Mobile-Agent-V: Learning Mobile Device Operation Through Video-Guided Multi-Agent Collaboration
- URL: http://arxiv.org/abs/2502.17110v2
- Date: Tue, 25 Feb 2025 07:48:37 GMT
- Title: Mobile-Agent-V: Learning Mobile Device Operation Through Video-Guided Multi-Agent Collaboration
- Authors: Junyang Wang, Haiyang Xu, Xi Zhang, Ming Yan, Ji Zhang, Fei Huang, Jitao Sang,
- Abstract summary: Mobile-Agent-V is a framework that leverages video guidance to provide rich and cost-effective operational knowledge for mobile automation.<n>Mobile-Agent-V integrates a sliding window strategy and incorporates a video agent and deep-reflection agent to ensure that actions align with user instructions.<n>Results show that Mobile-Agent-V achieves a 30% performance improvement compared to existing frameworks.
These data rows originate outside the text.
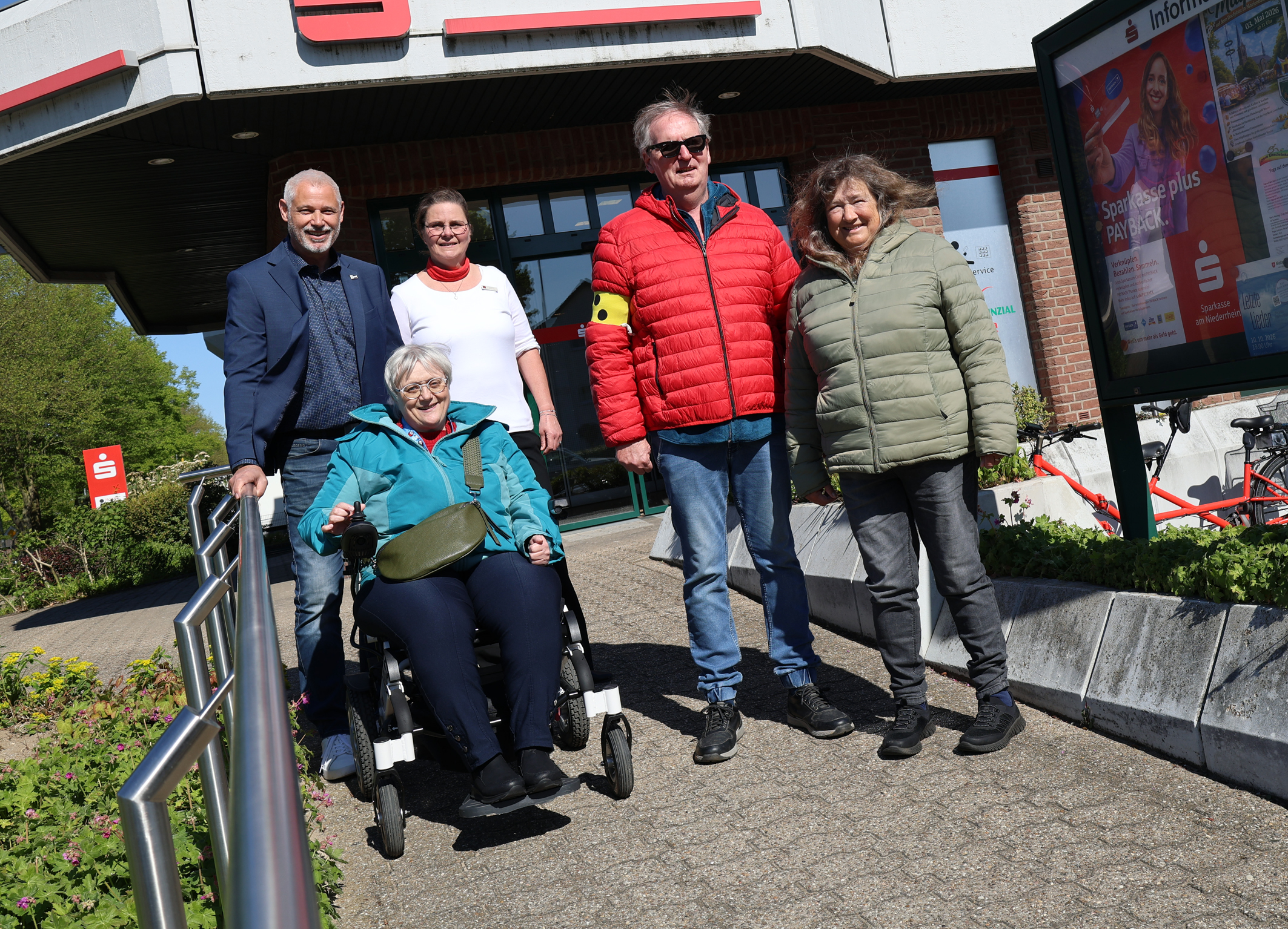 Sind zufrieden mit den neuen Geländern an der Sparkasse in Marienbaum (v.l.n.r.): Theo Neu, Regine Rennings und Melanie Koppers sowie Wolfgang und Monika Diamant.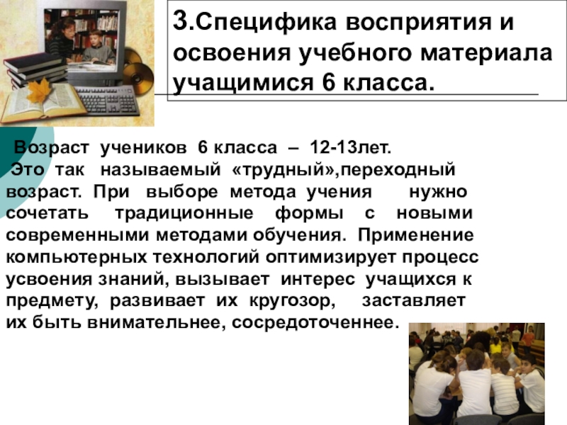 3.Специфика восприятия и освоения учебного материала учащимися 6 класса.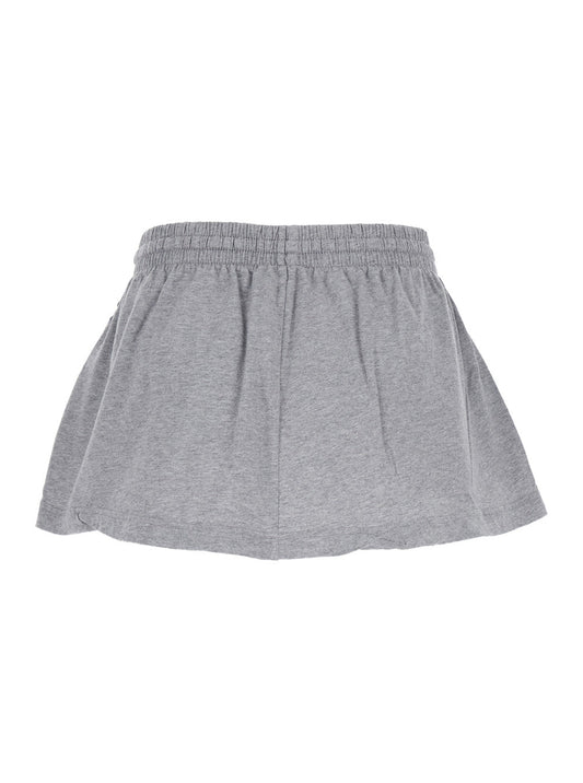 Balenciaga Women Grey Miniskirt With Logo Embroidery On The Front And Elastic Drawstring Waist In Cotton Woman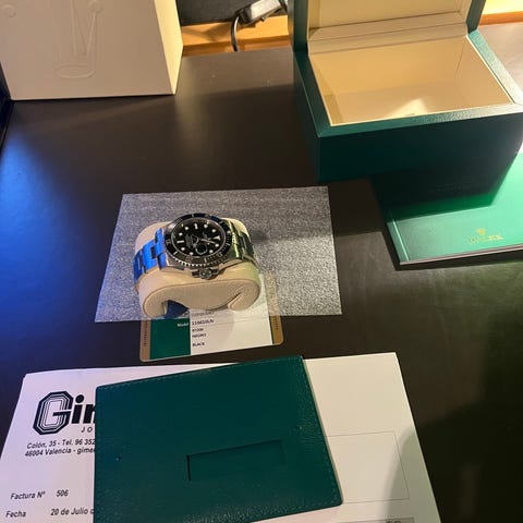 Kommer komplett med alt som fulgte med. Boks, garantikort, manual, grønn / hvit tag, bezel beskytter og kvittering fra Bjerke.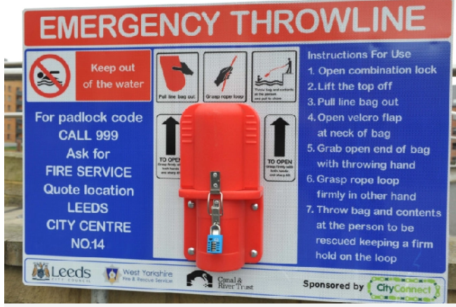 Waterways in Leeds City centre have throwline points each having an Identification reference for the Emergency Services to locate and provides rescue equipment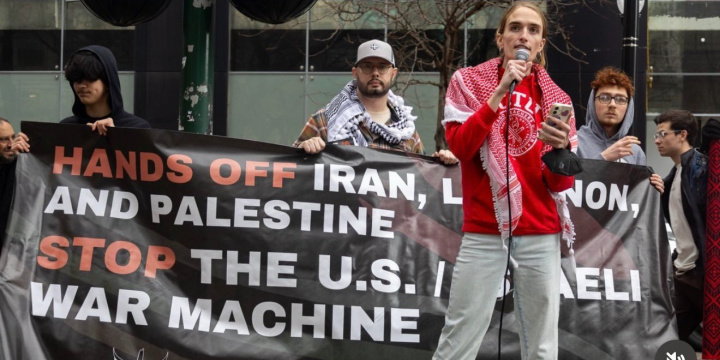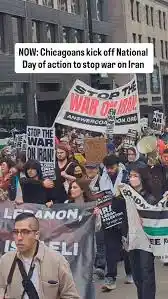 A „Hands Off Iran & Lebanon” („El a kezekkel Irántól és Libanontól”) nevű tüntetést március 7-én tartották Chicagóban, és a rendezvény bőkezű támogatást kapott a Chicago Teachers Union (CTU) nevű tanári szakszervezettől, valamint több szocialista és iszlamista csoporttól. A szervezők között volt a Palestinian Youth Movement is, amelyről ismert, hogy kapcsolatokat ápol a Popular Front for the Liberation of Palestine (PFLP) nevű szervezettel. A PFLP nemzetközileg terrorista szervezetként van nyilvántartva, és korábban fegyveres repülőgép-eltérítésekben, öngyilkos merényletekben, lövöldözésekben és merényletekben vett részt. A csoport évtizedeken át izraeli és más nyugati célpontokat támadott.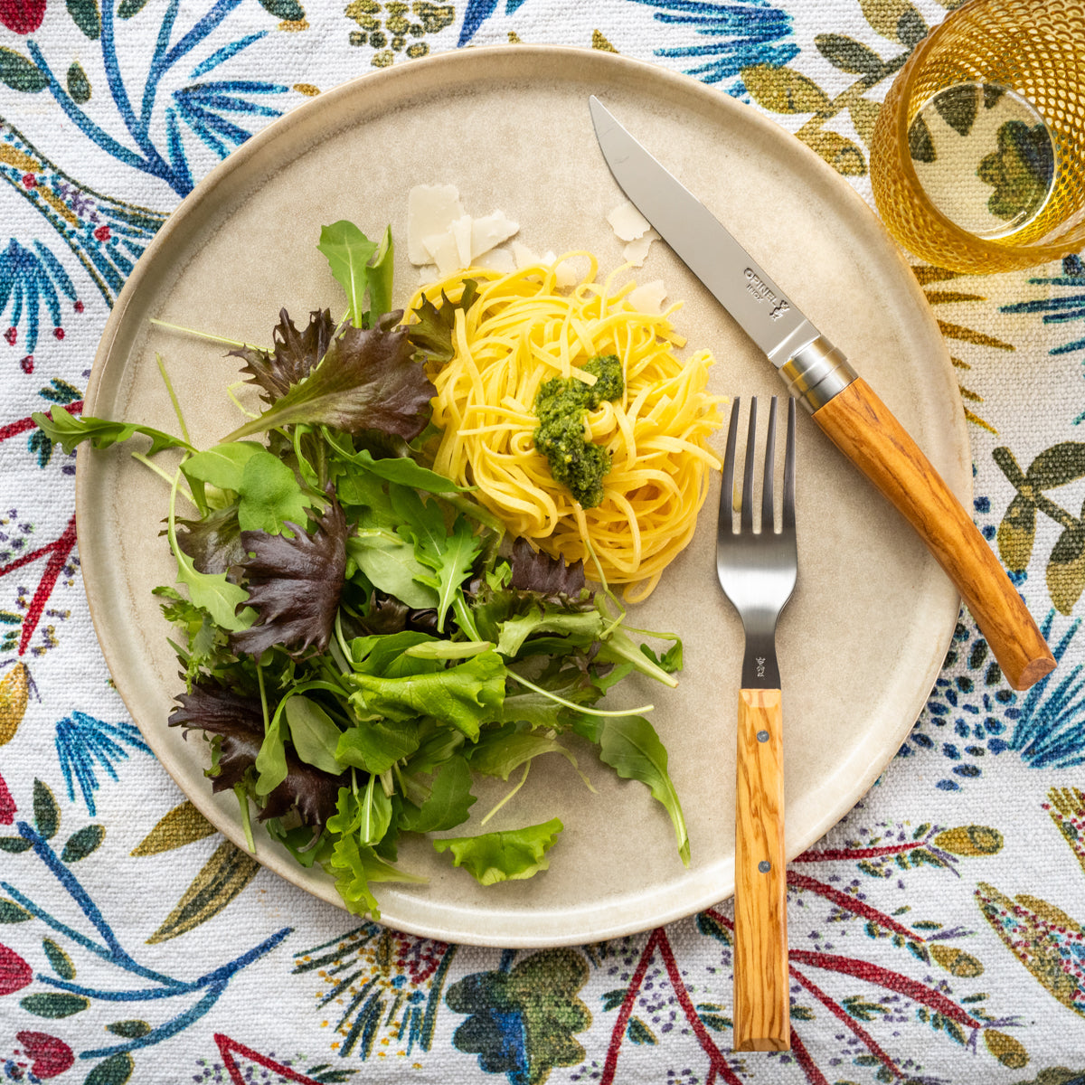 Complimentary woods - ash wood, dark ash wood, and olive wood - pair perfectly with the Opinel Facette steak knives.

- Score: 53.54951412651823
- License: http://creativecommons.org/licenses/by/4.0/
- Abstract: The rapid increase in mobile device usage necessitates improved automation for seamless task management. However, many AI-driven frameworks struggle due to insufficient operational knowledge. Manually written knowledge helps but is labor-intensive and inefficient. To address these challenges, we introduce Mobile-Agent-V, a framework that leverages video guidance to provide rich and cost-effective operational knowledge for mobile automation. Mobile-Agent-V enhances task execution capabilities by leveraging video inputs without requiring specialized sampling or preprocessing. Mobile-Agent-V integrates a sliding window strategy and incorporates a video agent and deep-reflection agent to ensure that actions align with user instructions. Through this innovative approach, users can record task processes with guidance, enabling the system to autonomously learn and execute tasks efficiently. Experimental results show that Mobile-Agent-V achieves a 30% performance improvement compared to existing frameworks. The code will be open-sourced at https://github.com/X-PLUG/MobileAgent.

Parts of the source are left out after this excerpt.